=== Given data ===
Content starts
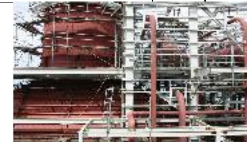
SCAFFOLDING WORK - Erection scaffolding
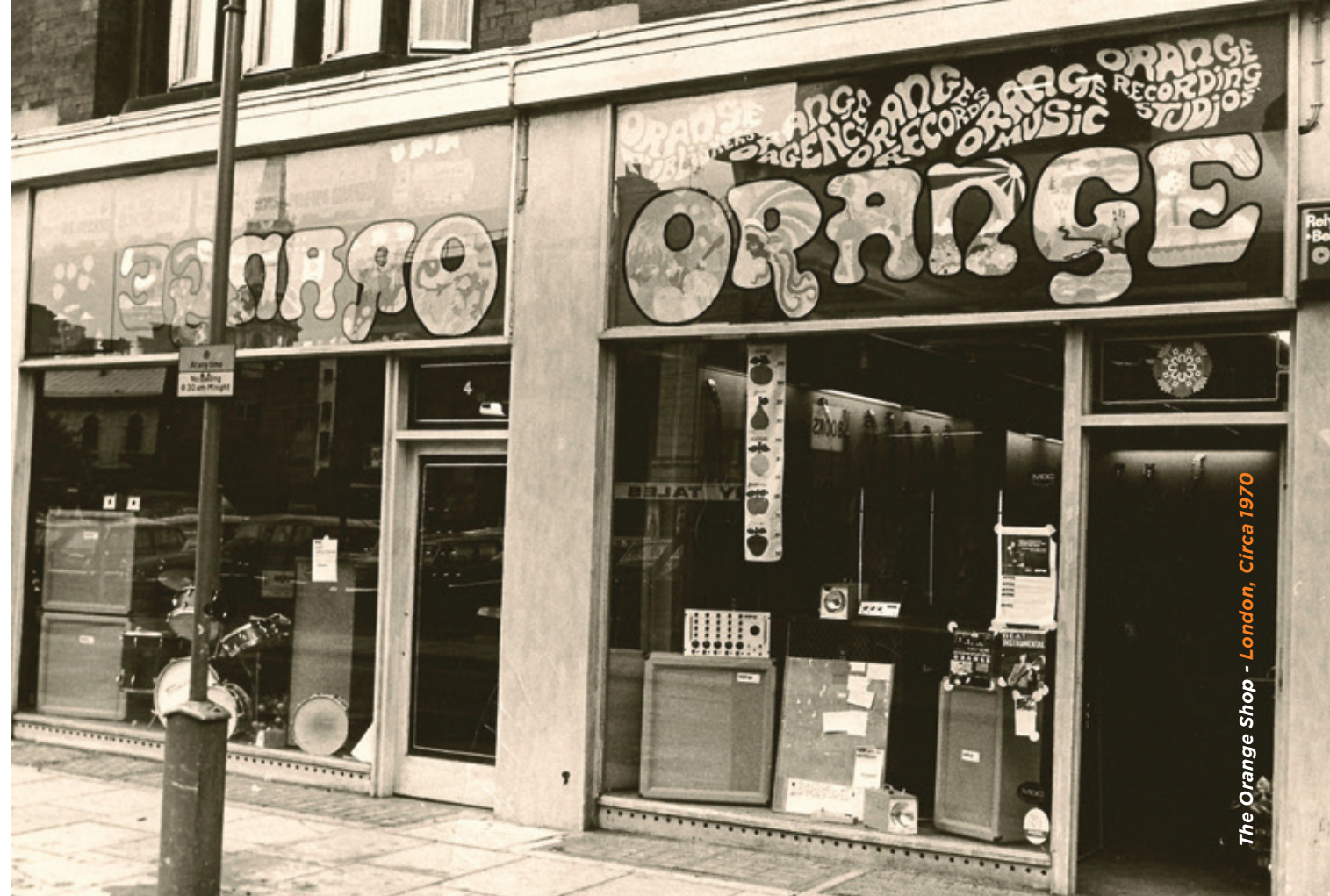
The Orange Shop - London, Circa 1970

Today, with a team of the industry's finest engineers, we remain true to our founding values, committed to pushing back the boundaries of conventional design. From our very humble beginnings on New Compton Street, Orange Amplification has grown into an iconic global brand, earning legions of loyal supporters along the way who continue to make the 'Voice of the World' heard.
Content ends
=== Problem requirements ===
Write out the whole of the data exactly; the pictures stay out.

=== Result below ===
SCAFFOLDING WORK - Erection scaffolding
The Orange Shop - London, Circa 1970

Today, with a team of the industry's finest engineers, we remain true to our founding values, committed to pushing back the boundaries of conventional design. From our very humble beginnings on New Compton Street, Orange Amplification has grown into an iconic global brand, earning legions of loyal supporters along the way who continue to make the 'Voice of the World' heard.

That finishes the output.